**Required action**
Below are records with pictures in them. Transcribe everything from the line containing "Chiles Rellenos$70.00 2" down to the line containing "- Premium Jacquard", exactly, and leave the pictures behind.

**Information supplied**
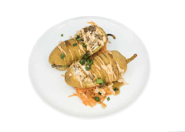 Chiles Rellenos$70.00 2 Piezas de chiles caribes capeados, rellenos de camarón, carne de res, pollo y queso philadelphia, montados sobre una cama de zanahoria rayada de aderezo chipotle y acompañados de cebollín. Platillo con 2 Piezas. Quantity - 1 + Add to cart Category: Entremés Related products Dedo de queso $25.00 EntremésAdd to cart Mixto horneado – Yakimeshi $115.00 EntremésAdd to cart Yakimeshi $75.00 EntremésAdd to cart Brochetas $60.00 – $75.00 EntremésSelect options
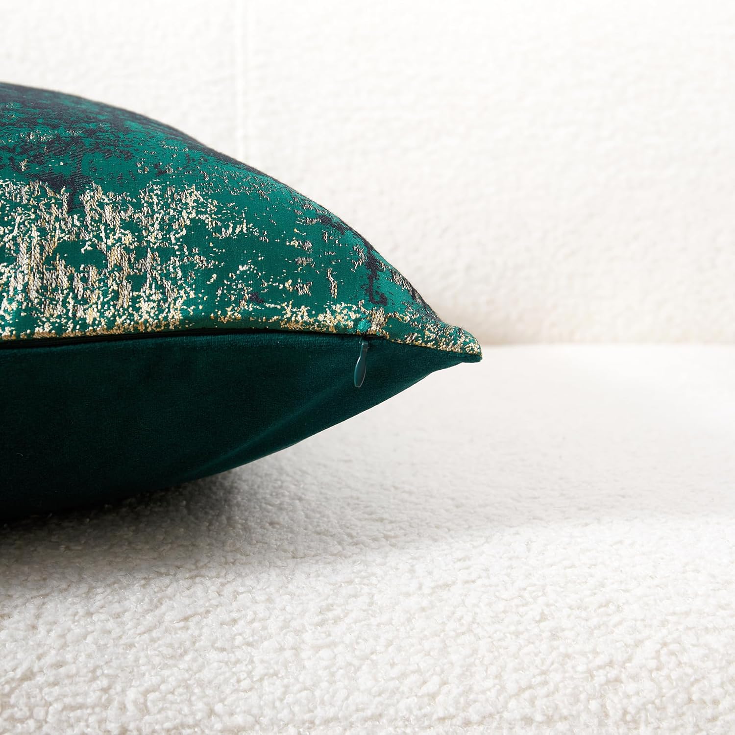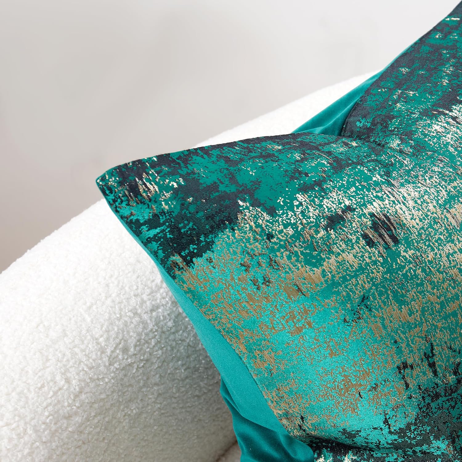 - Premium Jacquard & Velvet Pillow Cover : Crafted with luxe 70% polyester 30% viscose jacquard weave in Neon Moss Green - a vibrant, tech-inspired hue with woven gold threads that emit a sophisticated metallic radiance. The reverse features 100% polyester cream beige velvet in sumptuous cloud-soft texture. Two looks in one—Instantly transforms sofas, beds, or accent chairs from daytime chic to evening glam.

==

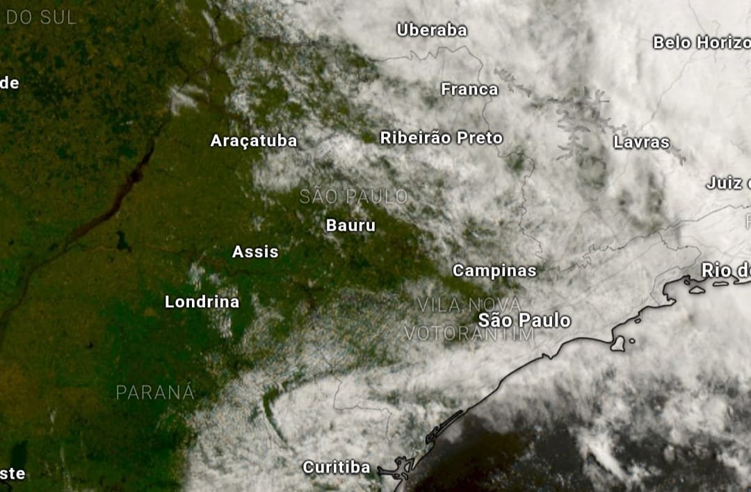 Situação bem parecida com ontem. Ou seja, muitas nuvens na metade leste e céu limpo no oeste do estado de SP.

**Answer to this task**
 Chiles Rellenos$70.00 2 Piezas de chiles caribes capeados, rellenos de camarón, carne de res, pollo y queso philadelphia, montados sobre una cama de zanahoria rayada de aderezo chipotle y acompañados de cebollín. Platillo con 2 Piezas. Quantity - 1 + Add to cart Category: Entremés Related products Dedo de queso $25.00 EntremésAdd to cart Mixto horneado – Yakimeshi $115.00 EntremésAdd to cart Yakimeshi $75.00 EntremésAdd to cart Brochetas $60.00 – $75.00 EntremésSelect options
 - Premium Jacquard & Velvet Pillow Cover : Crafted with luxe 70% polyester 30% viscose jacquard weave in Neon Moss Green - a vibrant, tech-inspired hue with woven gold threads that emit a sophisticated metallic radiance. The reverse features 100% polyester cream beige velvet in sumptuous cloud-soft texture. Two looks in one—Instantly transforms sofas, beds, or accent chairs from daytime chic to evening glam.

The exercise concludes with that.